St. David's HealthCare is providing 70% base pay for employees whose hours have been cut through its pandemic pay continuation program. More than 6,0000 employees across the company have received pandemic pay since March 29, which CEO David Huffstutler said has enabled the company to avoid layoffs and furloughs in an emailed statement.

Dr. Joseph Valenti, an OB-Gyn in Denton and a board member of the Physicians Foundation, said the pandemic has exacerbated existing problems—such as overhead costs increasing at a much faster rate than reimbursement from insurance companies, Medicare and Medicaid. "Physician practices had been underwater for a huge amount of time," he said.

The pandemic may drive physicians out of private practice and into retirement or jobs at hospitals, large medical practices or venture capital-owned firms, which cost patients more. Dr. Valenti's business, however, is bouncing back.
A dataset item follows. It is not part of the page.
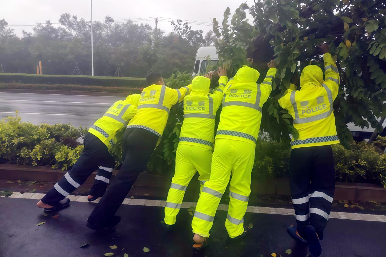 風(fēng)雨中,那一抹抹“熒光綠”格外醒目,扶正加固被吹倒的隔離護(hù)欄、徒手清理倒伏樹枝和路面雜物、及時(shí)疏通排水口確保道路暢通……暴雨模糊了視線,警笛穿透了風(fēng)聲,那抹熒光綠時(shí)而俯身?yè)岆U(xiǎn),時(shí)而挺立指揮,在白茫茫的雨幕中勾勒出最動(dòng)人的剪影。

After a "horrible" April when patient volume was down 90%, the practice is now at about 70% capacity, which he attributes in part to the field of obstetrics. "Babies never stop being born," he said. "Pandemic or not."

Dr. Temple is seeing a similar shift, but he worries that a second surge of cases this fall or winter could lead to a more complete shutdown. He and his fellow pediatricians could find new jobs at hospitals or large medical groups, he said, even if they would rather stay in private practice. But he worries about their hourly staff. "We're dedicated to trying to keep them," he said.